Gesualdo Madrigals – Live from Bari

DACOCD 760 · 2015

 

Musica Ficta

Singers

Ann-Christin W. Ingels, Susannah Carlsson, Amy Vestbø – sopraner
Sofia Thelin– alter
Tobias Aabye Dam, Josef Hamber – tenorer
Mauro Borgioni– basser

 

Bo Holten, dirigent

Tomas Borgström, Optagelse
Viggo Mangor, producer og teknik
Christian Tobiassen, manager
Indspillet ved Festival Mousiké, Bari, Italy 2013

»I have heard many interpretations of Gesualdo in my lifetime, many different ones, but I would place yours at the very top«.

Glenn Watkins

Carlo Gesualdo (1566-1613) is possibly the most extreme composer of madrigals ever. The madrigal as a genre was born in the first half of the 16th cent as a fusion between frivolous and simple Italian popular songs in three parts, and polyphonic writing coming to Italy through the great influx of learned Franco-Flemish composers. This fusion of traits from Northern and Southern thinking exploded in the production of more than 10.000 compositions featuring a more and more refined and illustrative writing, on texts by the most reknowned poets. Gesualdo’s madrigals appear near the end of the flowering of this tradition, and he expands the modes of expression quite considerably. Often people tend to think that his extreme music occurred as a result of his very eventful and dramatic life. And that might indeed be part of the explanation.
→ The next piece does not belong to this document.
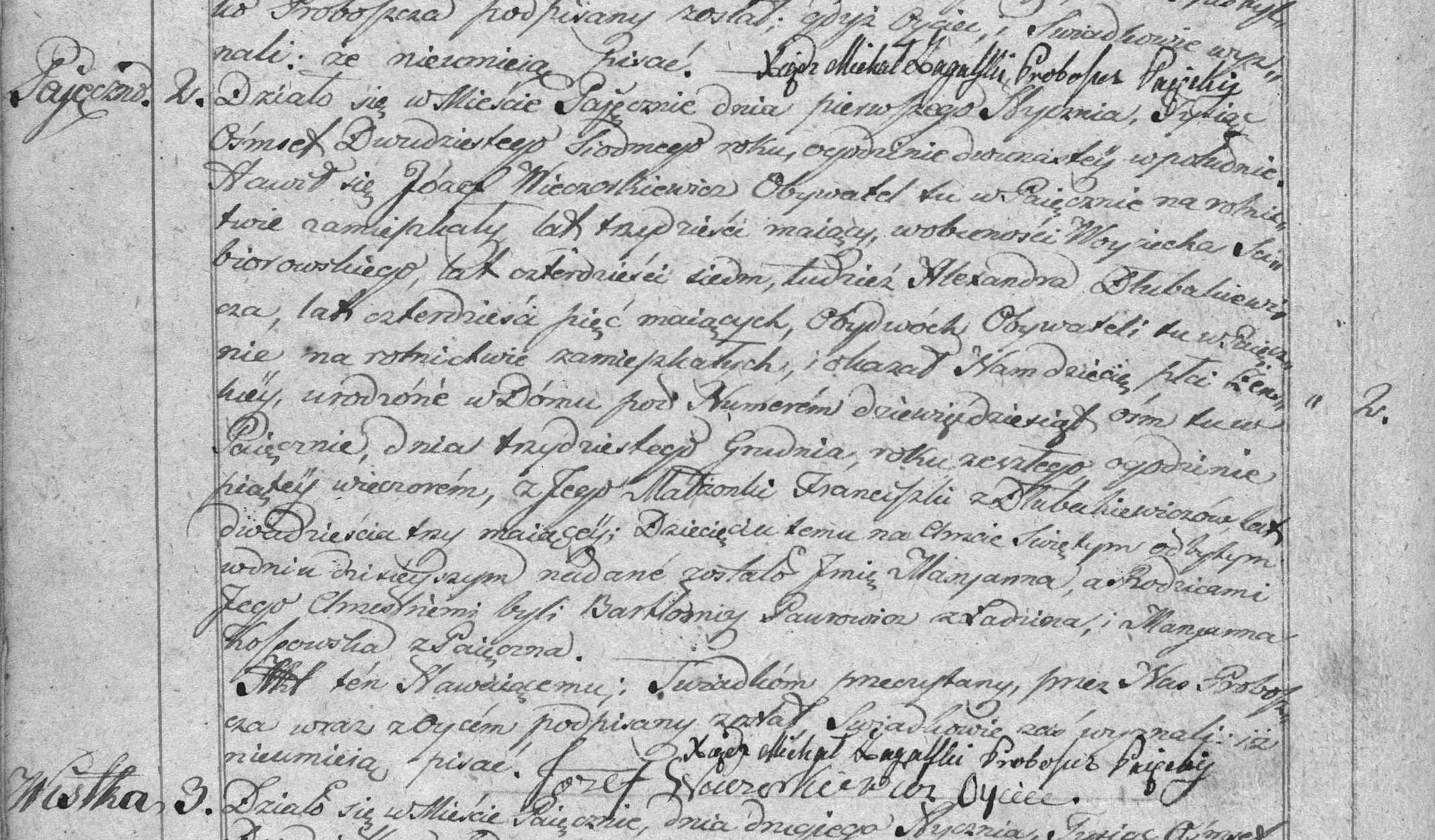 A odnośnie Wieczorkiewiczów. Sprawdziłem kilkanaście lat akt metrykalnych. To nazwisko pojawia się równolegle z nazwiskiem Wieczorek. Znalazłem przypadki , że Wieczorkiewicz stał się z nieznanych przyczyn Wieczorkiem. W załączeniu akt metrykalny urodzenia Julianny Wieczorkiewicz z 1827r. O Wieczorkiewiczu wspomina K. Pach w swoim opracowaniu odnośnie dziejów Pajęczna.

Other composers who excelled in Italian madrigals are Luca Marenzio, Giaches de Wert, Claudio Monteverdi and Luzzasco Luzzaschi. But this CD is all Gesualdo, in a live recording.

Previously it was generaly thought that Gesualdo wrote madrigals throughout his life, and that the “late” and extraordinary books 5 and 6 belonged to his last remorseful and tragic years in the Castle of Gesualdo. According to the research of Glenn Watkins, and to Gesualdo himself, he had already written all of his madrigals by the time he left Ferrara for the last time in 1597. We know, of course, that the very first complete printing of the madrigals comes from Gesualdo’s last year 1613, and that this printing was due to Gesualdo’s wish to have his musical legacy printed correctly, in an attempt to better the situation with many “pirated” and corrupt copies circulating. So his madrigals span only about a decade during which they undergo a remarkable development.

This development is easy to follow on this CD. From track 5 till the last track, one has a chronological progression with madrigals in the many different styles of each of the books. The reason we have placed a few of the late madrigals at the very beginning of the CD is of course that listeners would like to encounter the staggering adventures of the later books right away when putting on the CD. At the end of the CD we of course return to the madrigals of book 6 in order to have a complete survey of the maestro’s development as a madrigalist.